In the inside of the inhaler there are blocking means which come into action as soon as the inhaler, upon removal of the protective cap, is situated in a horizontal and/or axial inclined position going beyond a defined extent. The correct dosing and use position of the inhaler are guaranteed in this way. For the patient's safety, optional blocking means can be fitted which prevent any possibility of the protective cap of the inhaler being closed when the mouthpiece is missing. This ensures that after the mouthpiece has been removed, it is not possible replacing omit to it.

In the mouthpiece, which can be detached from the housing of the rest of the inhaler, there is a labyrinthine atomizing path for powder deagglomeration, in which path there is at least one barrier. For the purpose of reducing the powder flow rate and depositing relatively coarse particles ineffective for inhalation, the atomizing path comprises, upstream of the channel outlet, a channel section which is of increased volume and which deflects the powder aerosol flowing through. The multi-component mouthpiece can preferably be arranged on the inhaler housing by means of a plug connection and can be opened out after detachment from the housing, the mouthpiece parts being connected to one another via an integral film hinge.

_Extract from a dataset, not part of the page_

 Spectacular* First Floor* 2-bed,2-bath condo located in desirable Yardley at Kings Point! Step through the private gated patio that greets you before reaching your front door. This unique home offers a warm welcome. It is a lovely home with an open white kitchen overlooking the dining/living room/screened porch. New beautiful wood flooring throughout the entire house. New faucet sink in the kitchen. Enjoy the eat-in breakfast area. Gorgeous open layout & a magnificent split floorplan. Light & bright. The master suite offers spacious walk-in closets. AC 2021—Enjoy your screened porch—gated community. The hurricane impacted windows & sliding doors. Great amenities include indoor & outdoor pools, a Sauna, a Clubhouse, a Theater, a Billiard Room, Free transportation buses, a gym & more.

In an alternative embodiment of the invention, the mouth tube of the mouthpiece has a pair of lip grooves that complement one another and are situated a predetermined distance from the front end of the mouth tube. When the patient holds the inhaler in the proper rotational orientation, the lips grooves are placed in the region of the patient's upper and lower lip. The configuration of the mouth tube and lip grooves helps the patient achieve an airtight hold on the mouthpiece with his lips so that the suction applied by the patient is completely effective to create an aerodynamically medically efficient flow of the medicament to the patient for effective and full inhalation. Furthermore, the distance of the lip grooves from the front end of the mouth tube is that which will result in the insertion of the mouth tube a sufficient depth into the patient's mouth so as to prevent the undesired deposition of the dry powder medicament in the patient's mouth and throat. The mouthpiece according to the invention is also preferably intended for use with the inhaler according to the invention, but it is also suitable for use in connection with other inhalers of the same type.

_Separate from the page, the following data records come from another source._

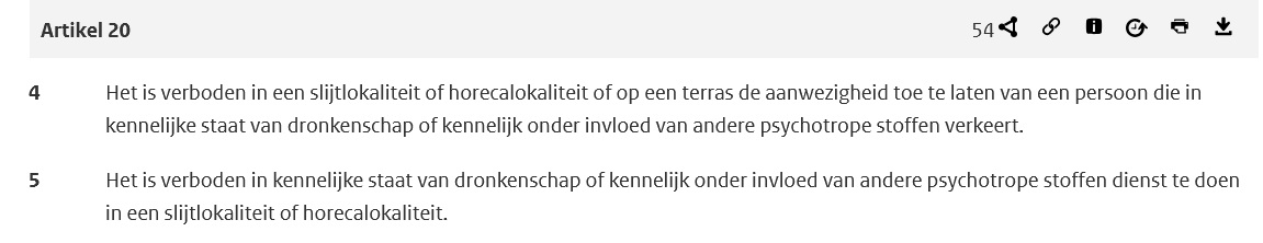 1. Want in de Alcoholwet staat dat de horeca de aanwezigheid van personen die ‘in kennelijke staat verkeren’ niet mag toelaten. Laat staan dat de horeca hen extra drank mag schenken.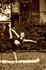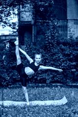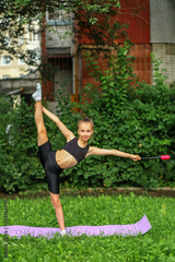 Rhythmic gymnastics. Preteen child exercising with gymnastic mace outdoor. Healthcare concept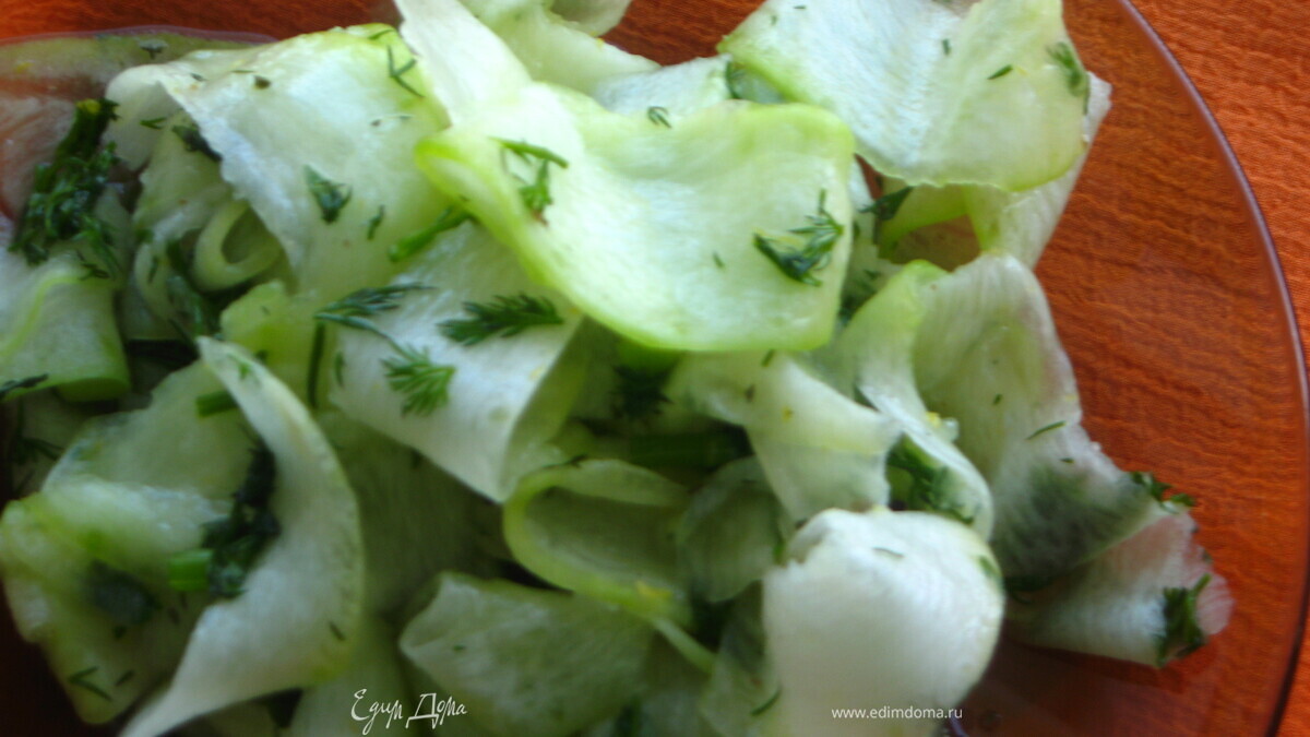 Кабачки чистим, удаляем мякоть и при помощи овощечистки строгаем тонкими полосками. - Шаг 1

In the inhaler there are means which contribute to the regular flow of the pharmacological dry powder when the protective cap is removed. The generated vibrations preferably only exert an effect while the dosing cavity is located under the funnel outlet. These means are advantageously complementary grate sections which are located on components moved relative to one another.

The inhaler can be supplemented with an electronic module and a controllable nozzle so that all data relevant to inhalation can be recorded and the flow conditions regulated. Completion of a correct inhalation, or an incomplete inhalation, can be indicated by an acoustic and/or optical signal.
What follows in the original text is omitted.